*** Opening WORKING DATA ***
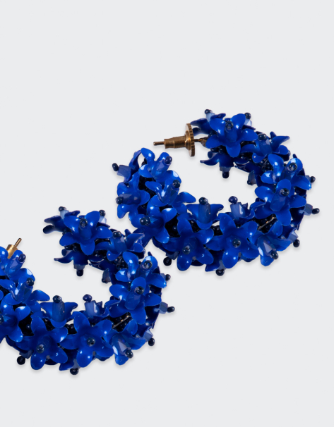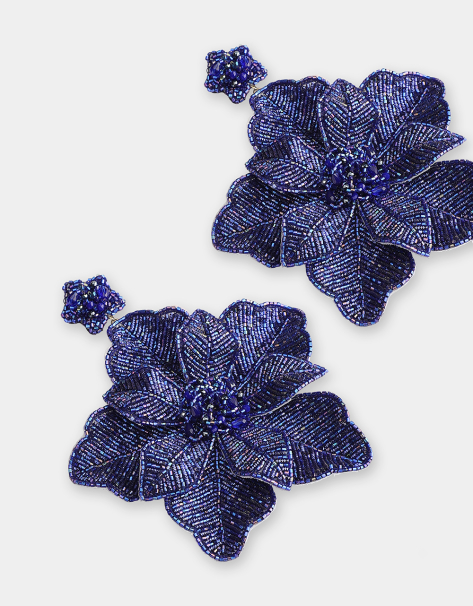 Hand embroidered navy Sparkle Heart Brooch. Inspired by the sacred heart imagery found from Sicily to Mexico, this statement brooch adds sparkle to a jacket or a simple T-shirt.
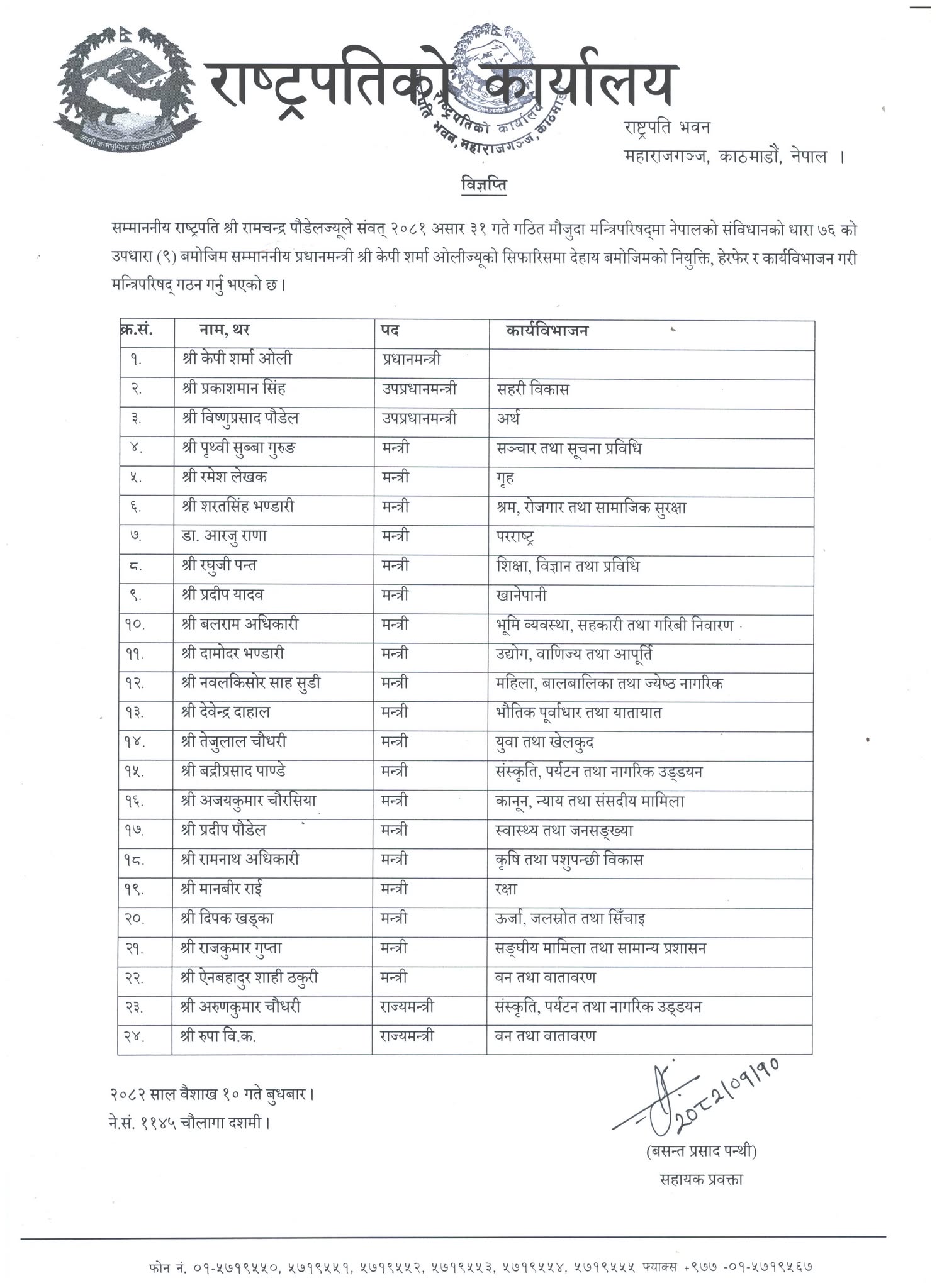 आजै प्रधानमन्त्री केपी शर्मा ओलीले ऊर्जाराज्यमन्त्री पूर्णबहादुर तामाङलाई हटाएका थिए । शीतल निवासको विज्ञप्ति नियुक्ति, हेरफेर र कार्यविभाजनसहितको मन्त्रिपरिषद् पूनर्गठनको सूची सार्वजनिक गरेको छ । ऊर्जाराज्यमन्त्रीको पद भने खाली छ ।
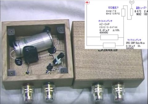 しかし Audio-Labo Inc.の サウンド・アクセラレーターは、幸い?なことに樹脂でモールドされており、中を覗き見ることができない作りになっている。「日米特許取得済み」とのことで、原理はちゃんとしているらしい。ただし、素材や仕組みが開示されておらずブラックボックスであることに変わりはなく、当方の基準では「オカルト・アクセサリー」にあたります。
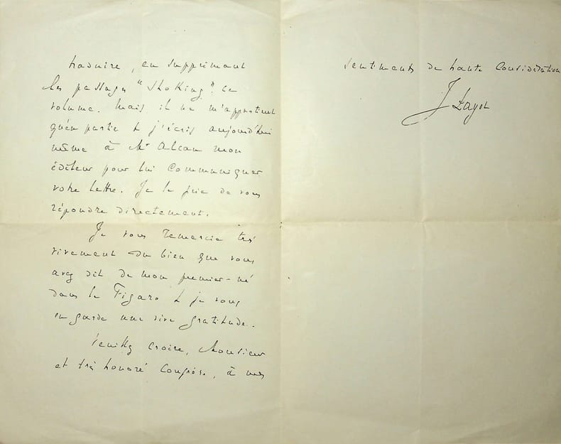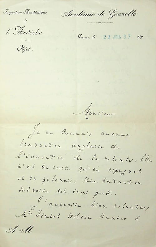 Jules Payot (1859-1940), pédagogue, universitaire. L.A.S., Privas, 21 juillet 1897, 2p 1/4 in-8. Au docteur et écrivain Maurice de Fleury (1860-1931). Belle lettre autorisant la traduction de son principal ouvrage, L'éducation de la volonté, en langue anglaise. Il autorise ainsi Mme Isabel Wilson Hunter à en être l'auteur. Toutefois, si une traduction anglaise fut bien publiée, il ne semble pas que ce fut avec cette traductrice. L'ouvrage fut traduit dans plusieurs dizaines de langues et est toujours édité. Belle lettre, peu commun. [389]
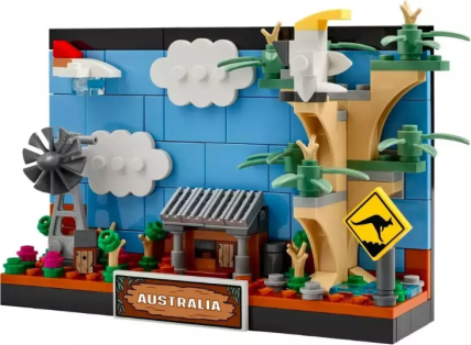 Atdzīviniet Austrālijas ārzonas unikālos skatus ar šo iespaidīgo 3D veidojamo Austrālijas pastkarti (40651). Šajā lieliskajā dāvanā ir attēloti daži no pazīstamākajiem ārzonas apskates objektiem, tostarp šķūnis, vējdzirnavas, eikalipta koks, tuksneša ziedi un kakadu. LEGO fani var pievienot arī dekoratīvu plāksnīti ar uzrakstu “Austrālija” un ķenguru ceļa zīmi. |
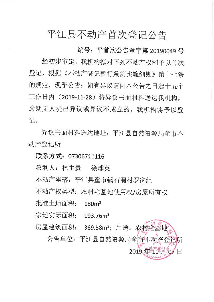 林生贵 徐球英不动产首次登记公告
*** Closing WORKING DATA ***
Output a faithful copy of the data, with each picture left out.

 Hand embroidered navy Sparkle Heart Brooch. Inspired by the sacred heart imagery found from Sicily to Mexico, this statement brooch adds sparkle to a jacket or a simple T-shirt.
 आजै प्रधानमन्त्री केपी शर्मा ओलीले ऊर्जाराज्यमन्त्री पूर्णबहादुर तामाङलाई हटाएका थिए । शीतल निवासको विज्ञप्ति नियुक्ति, हेरफेर र कार्यविभाजनसहितको मन्त्रिपरिषद् पूनर्गठनको सूची सार्वजनिक गरेको छ । ऊर्जाराज्यमन्त्रीको पद भने खाली छ ।
 しかし Audio-Labo Inc.の サウンド・アクセラレーターは、幸い?なことに樹脂でモールドされており、中を覗き見ることができない作りになっている。「日米特許取得済み」とのことで、原理はちゃんとしているらしい。ただし、素材や仕組みが開示されておらずブラックボックスであることに変わりはなく、当方の基準では「オカルト・アクセサリー」にあたります。
 Jules Payot (1859-1940), pédagogue, universitaire. L.A.S., Privas, 21 juillet 1897, 2p 1/4 in-8. Au docteur et écrivain Maurice de Fleury (1860-1931). Belle lettre autorisant la traduction de son principal ouvrage, L'éducation de la volonté, en langue anglaise. Il autorise ainsi Mme Isabel Wilson Hunter à en être l'auteur. Toutefois, si une traduction anglaise fut bien publiée, il ne semble pas que ce fut avec cette traductrice. L'ouvrage fut traduit dans plusieurs dizaines de langues et est toujours édité. Belle lettre, peu commun. [389]
 Atdzīviniet Austrālijas ārzonas unikālos skatus ar šo iespaidīgo 3D veidojamo Austrālijas pastkarti (40651). Šajā lieliskajā dāvanā ir attēloti daži no pazīstamākajiem ārzonas apskates objektiem, tostarp šķūnis, vējdzirnavas, eikalipta koks, tuksneša ziedi un kakadu. LEGO fani var pievienot arī dekoratīvu plāksnīti ar uzrakstu “Austrālija” un ķenguru ceļa zīmi. |
 林生贵 徐球英不动产首次登记公告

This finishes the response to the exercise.